(Data extracted from a collection)
== Segment start ==
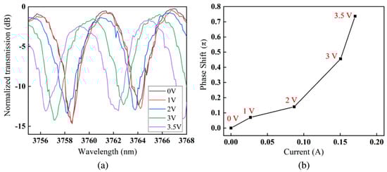 (a) Optical spectra of the GOS MZM under several DC voltages. (b) Phase shift versus current of the MZM from [10].
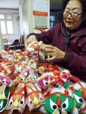 说着,王老太端出一个大纸盒,里面装着五颜六色近50双完工的虎头鞋,“传统虎头鞋的做法很讲究,老虎的鼻子、眼睛都要一针一线绣上去,不像现在店里卖的,眼睛鼻子就只缝一块布贴上去了事。”她拿起一双棉布虎头鞋说,像这样一双,成本大概在10多元,缝6个小时;单鞋的成本在6元左右,但是得缝一天。
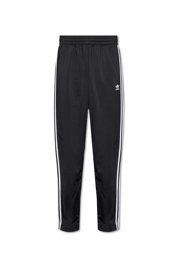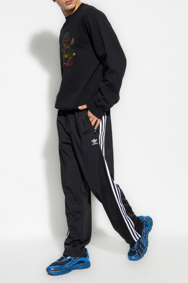 Black sweatpants from ADIDAS Originals. Made of recycled fabric, this pair features an elastic drawstring waistband, embroidered logo, the brand's signature three stripes in white, two zipped pockets and slightly tapered legs with zips.
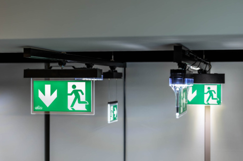 Modern emergency lighting must be easy to integrate into existing infrastructures – without costly conversions or compromising on safety and compliance with standards. Our emergency lighting components are designed to be directly integrated into various continuous-row lighting systems. The combination of emergency signs and safety luminaires with general lighting makes additional installations unnecessary – ideal for attractive architectural integration.
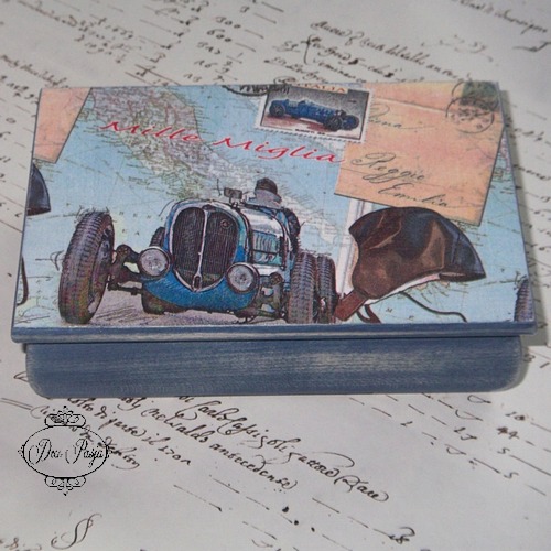 Obydwie szkatułki przepiękne! Ta z różą taka delikatna i kobieca, a druga w retro klimacie i kolor bejcy trafiony idealnie. Życzę miłego urlopu i dużo słonka! 🙂
== Segment end ==
◆ **How to complete this task**:
Could you set down, exactly as written, every line from the start of the records above through the line containing "Black sweatpants from", leaving the pictures out?

◆ **Final answer**:
 (a) Optical spectra of the GOS MZM under several DC voltages. (b) Phase shift versus current of the MZM from [10].
 说着,王老太端出一个大纸盒,里面装着五颜六色近50双完工的虎头鞋,“传统虎头鞋的做法很讲究,老虎的鼻子、眼睛都要一针一线绣上去,不像现在店里卖的,眼睛鼻子就只缝一块布贴上去了事。”她拿起一双棉布虎头鞋说,像这样一双,成本大概在10多元,缝6个小时;单鞋的成本在6元左右,但是得缝一天。
 Black sweatpants from ADIDAS Originals. Made of recycled fabric, this pair features an elastic drawstring waistband, embroidered logo, the brand's signature three stripes in white, two zipped pockets and slightly tapered legs with zips.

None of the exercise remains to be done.